WORK TASK - Repeat the following entries exactly, excluding pictures.

AVAILABLE DATA -
'''

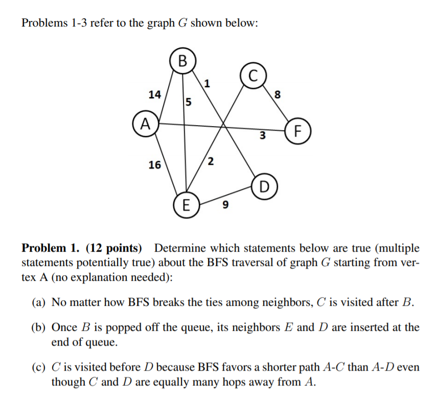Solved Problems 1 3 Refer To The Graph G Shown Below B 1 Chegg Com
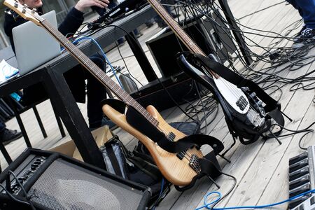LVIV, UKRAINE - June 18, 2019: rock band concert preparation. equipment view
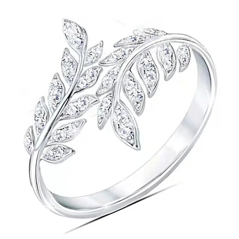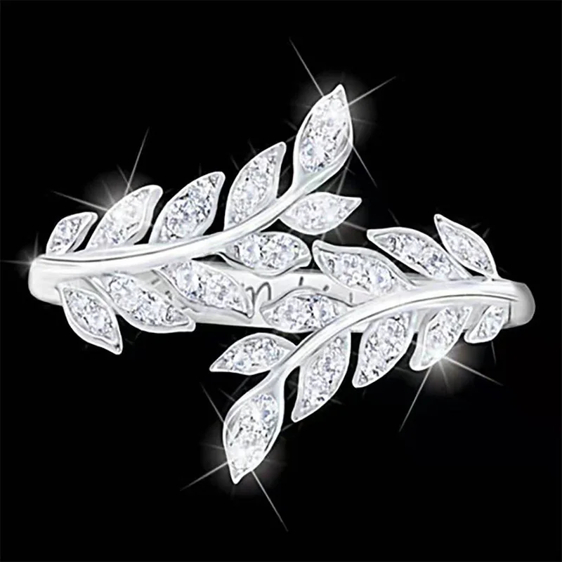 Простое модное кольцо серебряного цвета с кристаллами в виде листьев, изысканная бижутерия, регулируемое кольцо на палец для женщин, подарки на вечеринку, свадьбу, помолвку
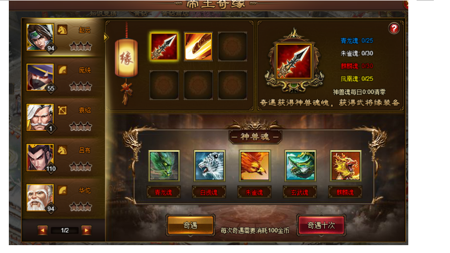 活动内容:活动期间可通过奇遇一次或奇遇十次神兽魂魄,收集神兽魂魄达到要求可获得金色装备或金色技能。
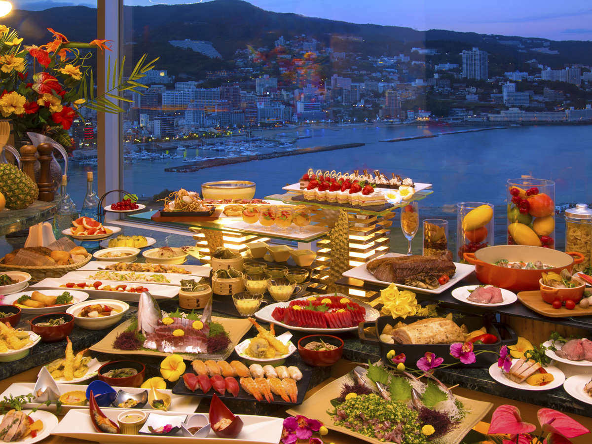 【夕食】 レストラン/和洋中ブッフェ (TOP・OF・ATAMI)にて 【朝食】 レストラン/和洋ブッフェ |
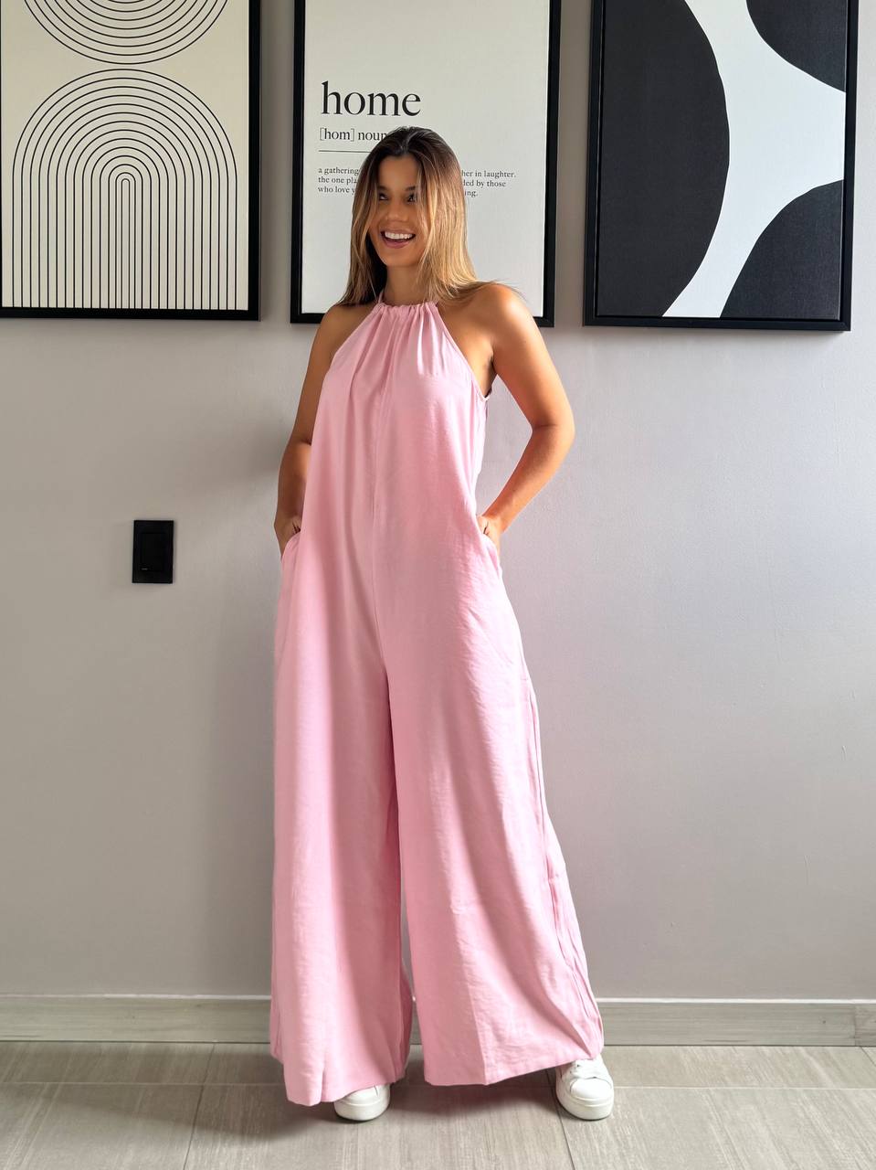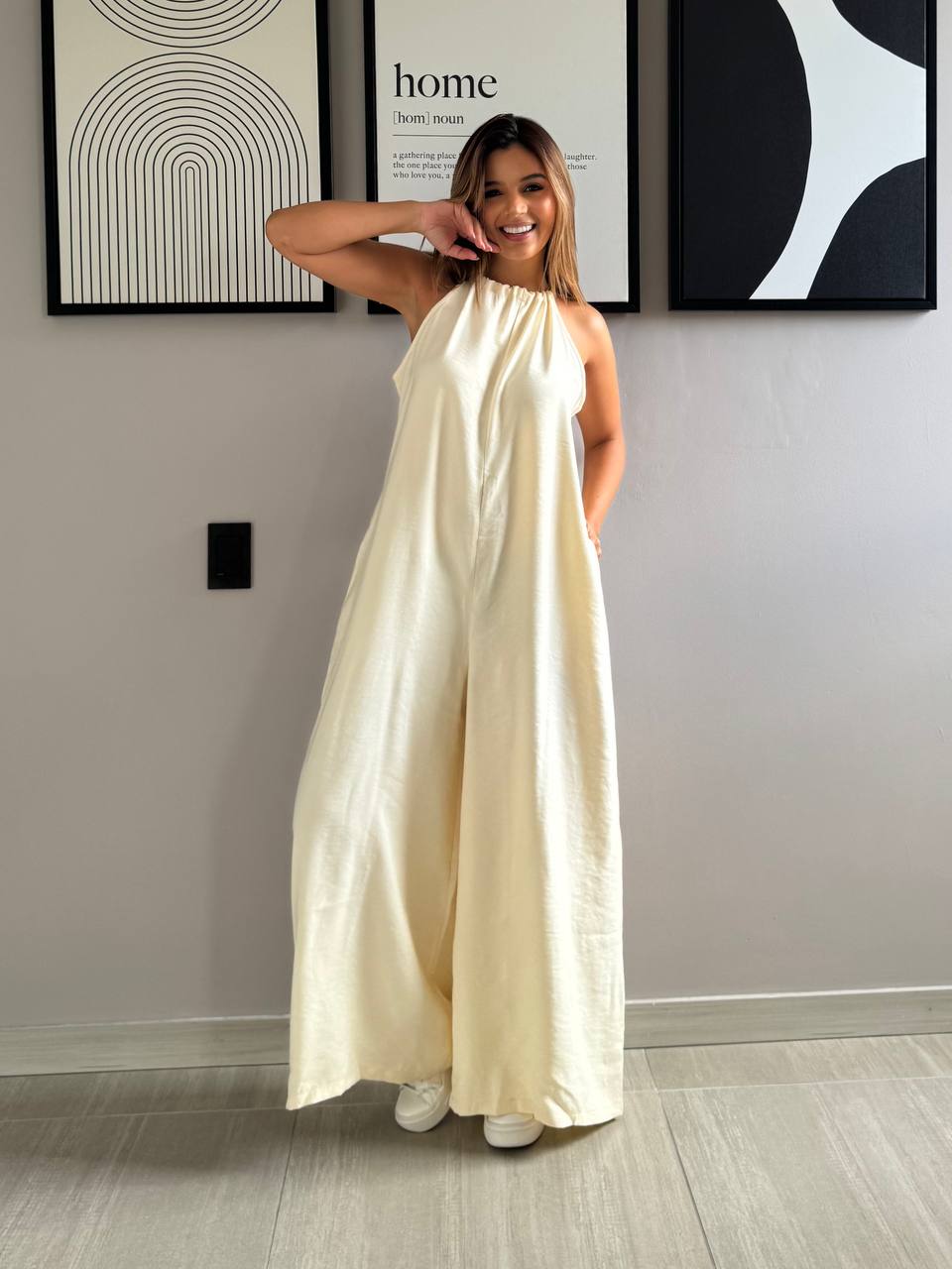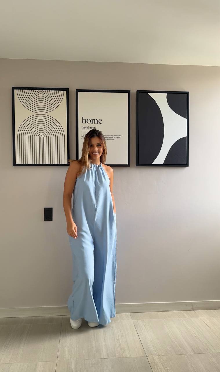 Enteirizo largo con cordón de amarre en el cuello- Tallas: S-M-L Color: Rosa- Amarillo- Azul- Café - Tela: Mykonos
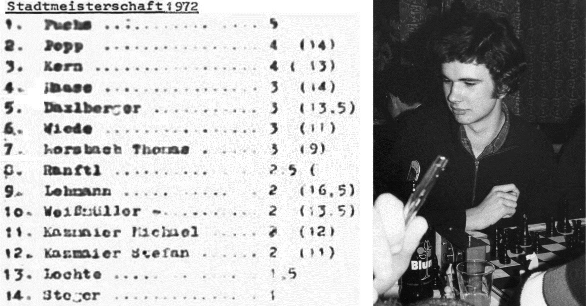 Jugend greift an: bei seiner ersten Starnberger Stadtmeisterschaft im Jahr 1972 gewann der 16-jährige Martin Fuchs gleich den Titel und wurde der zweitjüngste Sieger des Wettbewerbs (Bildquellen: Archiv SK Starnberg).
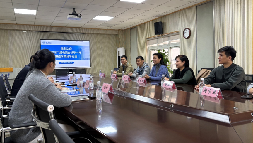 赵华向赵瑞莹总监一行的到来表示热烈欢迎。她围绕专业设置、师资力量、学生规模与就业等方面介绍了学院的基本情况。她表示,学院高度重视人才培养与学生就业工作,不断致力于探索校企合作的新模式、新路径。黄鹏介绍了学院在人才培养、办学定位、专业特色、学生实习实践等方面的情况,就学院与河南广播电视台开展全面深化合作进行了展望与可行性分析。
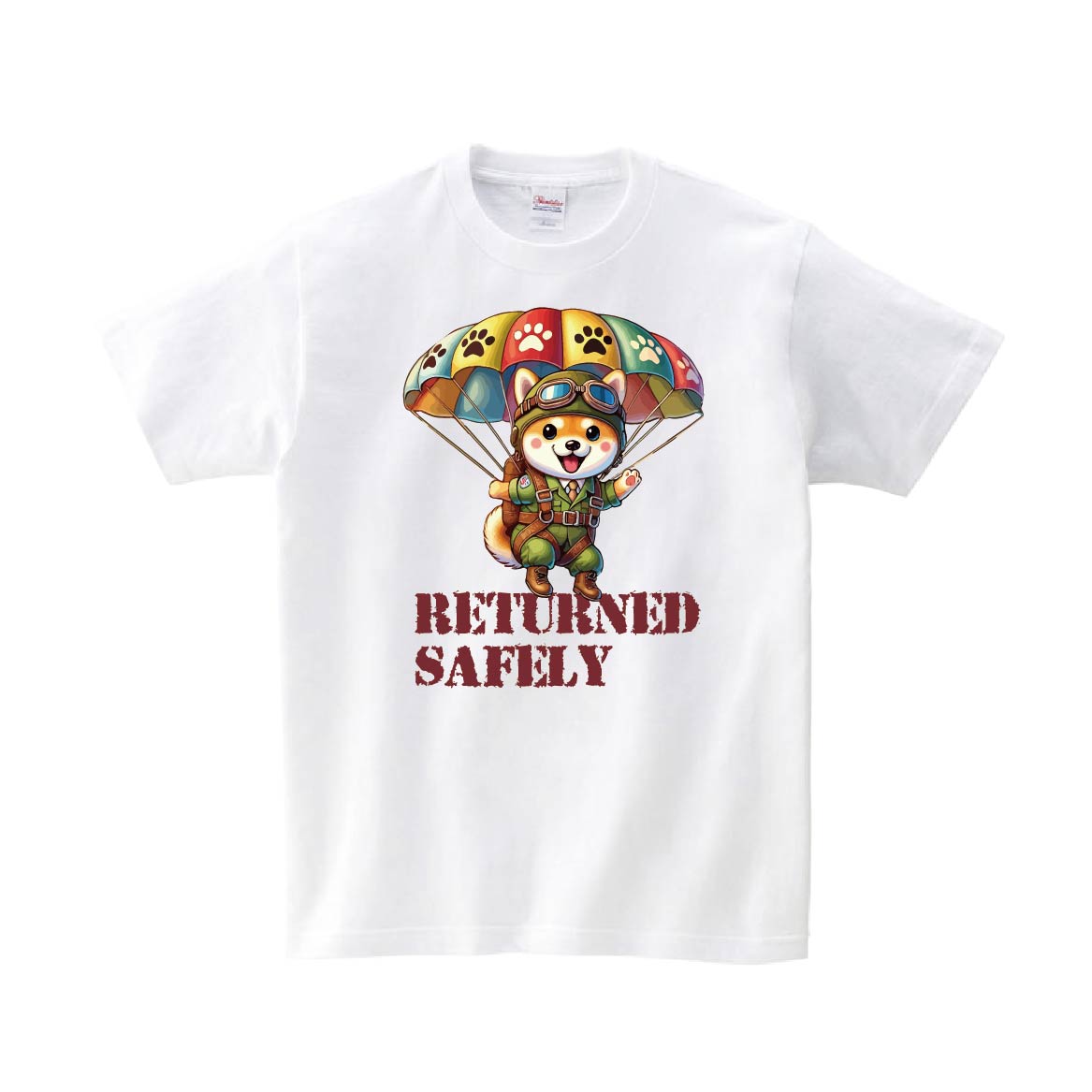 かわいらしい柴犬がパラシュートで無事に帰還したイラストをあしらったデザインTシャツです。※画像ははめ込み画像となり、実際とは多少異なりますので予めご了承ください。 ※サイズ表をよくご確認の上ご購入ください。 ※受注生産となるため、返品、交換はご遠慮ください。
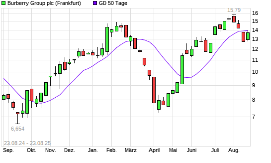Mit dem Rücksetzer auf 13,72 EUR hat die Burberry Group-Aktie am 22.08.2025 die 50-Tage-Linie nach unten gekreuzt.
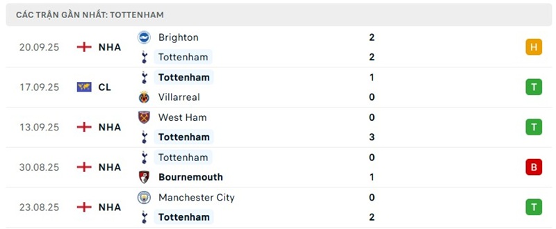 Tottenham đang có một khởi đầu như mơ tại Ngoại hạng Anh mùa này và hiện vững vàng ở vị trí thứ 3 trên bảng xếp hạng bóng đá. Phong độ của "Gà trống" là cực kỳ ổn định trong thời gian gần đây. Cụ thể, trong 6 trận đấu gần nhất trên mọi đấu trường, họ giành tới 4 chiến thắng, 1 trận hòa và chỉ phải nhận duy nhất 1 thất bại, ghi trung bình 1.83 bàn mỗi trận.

'''

RESULT -
Solved Problems 1 3 Refer To The Graph G Shown Below B 1 Chegg Com
LVIV, UKRAINE - June 18, 2019: rock band concert preparation. equipment view
 Простое модное кольцо серебряного цвета с кристаллами в виде листьев, изысканная бижутерия, регулируемое кольцо на палец для женщин, подарки на вечеринку, свадьбу, помолвку
 活动内容:活动期间可通过奇遇一次或奇遇十次神兽魂魄,收集神兽魂魄达到要求可获得金色装备或金色技能。
 【夕食】 レストラン/和洋中ブッフェ (TOP・OF・ATAMI)にて 【朝食】 レストラン/和洋ブッフェ |
 Enteirizo largo con cordón de amarre en el cuello- Tallas: S-M-L Color: Rosa- Amarillo- Azul- Café - Tela: Mykonos
 Jugend greift an: bei seiner ersten Starnberger Stadtmeisterschaft im Jahr 1972 gewann der 16-jährige Martin Fuchs gleich den Titel und wurde der zweitjüngste Sieger des Wettbewerbs (Bildquellen: Archiv SK Starnberg).
 赵华向赵瑞莹总监一行的到来表示热烈欢迎。她围绕专业设置、师资力量、学生规模与就业等方面介绍了学院的基本情况。她表示,学院高度重视人才培养与学生就业工作,不断致力于探索校企合作的新模式、新路径。黄鹏介绍了学院在人才培养、办学定位、专业特色、学生实习实践等方面的情况,就学院与河南广播电视台开展全面深化合作进行了展望与可行性分析。
 かわいらしい柴犬がパラシュートで無事に帰還したイラストをあしらったデザインTシャツです。※画像ははめ込み画像となり、実際とは多少異なりますので予めご了承ください。 ※サイズ表をよくご確認の上ご購入ください。 ※受注生産となるため、返品、交換はご遠慮ください。
Mit dem Rücksetzer auf 13,72 EUR hat die Burberry Group-Aktie am 22.08.2025 die 50-Tage-Linie nach unten gekreuzt.
 Tottenham đang có một khởi đầu như mơ tại Ngoại hạng Anh mùa này và hiện vững vàng ở vị trí thứ 3 trên bảng xếp hạng bóng đá. Phong độ của "Gà trống" là cực kỳ ổn định trong thời gian gần đây. Cụ thể, trong 6 trận đấu gần nhất trên mọi đấu trường, họ giành tới 4 chiến thắng, 1 trận hòa và chỉ phải nhận duy nhất 1 thất bại, ghi trung bình 1.83 bàn mỗi trận.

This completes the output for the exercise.